It was a no surprise that the stock markets in India somersaulted on Monday, indicating return of confidence among investors riding on multiple positive triggers that took the benchmark indices to the best single-day gains since February 2021. Both the Sensex and Nifty surged nearly 4 percent intraday as geopolitical tensions along the India-Pakistan border seemed to be easing, while the US-China trade deal boosted further sentiments.
The Sensex ended at 82,429.90, gaining 2975.43 points or 3.74 percent. The 50-share index Nifty jumped 916.70 points or 3.82 percent to close at 24,924.70.
Equities in other Asian countries also rose celebrating the US-China deal to cut tariffs. Stocks in Hong Kong gained around 3 percent, while China’s benchmark index jumped over 1 percent.

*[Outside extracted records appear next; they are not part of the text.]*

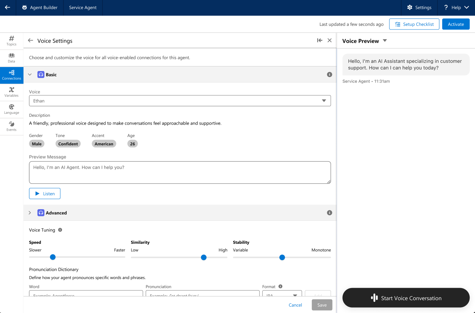 Best of all? Agentforce Voice can reuse all your existing text-based agent configurations, including action and context variables, eliminating the need to build from scratch. You can enable voice for any existing agent and make tweaks in the same builder experience you’re already familiar with. Once voice mode is enabled, you can customize settings like the agent’s gender, tone and accent, as well as advanced controls that define how fast your agent speaks, their emotional range and how consistently they stick to the underlying voice model and original audio used to train that specific voice selection.
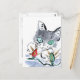 Lien, Lien... Le chaton gris est très perplexe au-dessus des lumières de Noël clignotantes rouge et vert pour l'arbre de Noël. Sumi-e, peinture à l'encre japonaise en couleur. Artiste Ellen Miffitt @ Nine Lives Studio
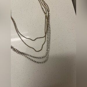 Chic Talbots layered necklace set in warm gold tone. Multiple delicate chains with mixed bead and bezel accents. Sparkling round crystals add subtle shine. Versatile look that layers beautifully over casual or dressy tops.

The US and China have agreed to temporarily slash reciprocal tariffs in a deal that surpassed expectations as the world's two biggest economies seek to end a damaging trade war that has stoked fears of recession and roiled financial markets, according to Reuters. The US will cut extra tariffs it imposed on Chinese imports in April to 30 percent from 145 percent, and Chinese duties on US imports will fall to 10 percent from 125 percent, the two countries said. The new measures are effective for 90 days.
Since taking office in January, US President Donald Trump hiked the tariffs paid by US importers for goods from China to 145 percent, in addition to those he imposed on many Chinese goods during his first term and the duties levied by the Joe Biden administration.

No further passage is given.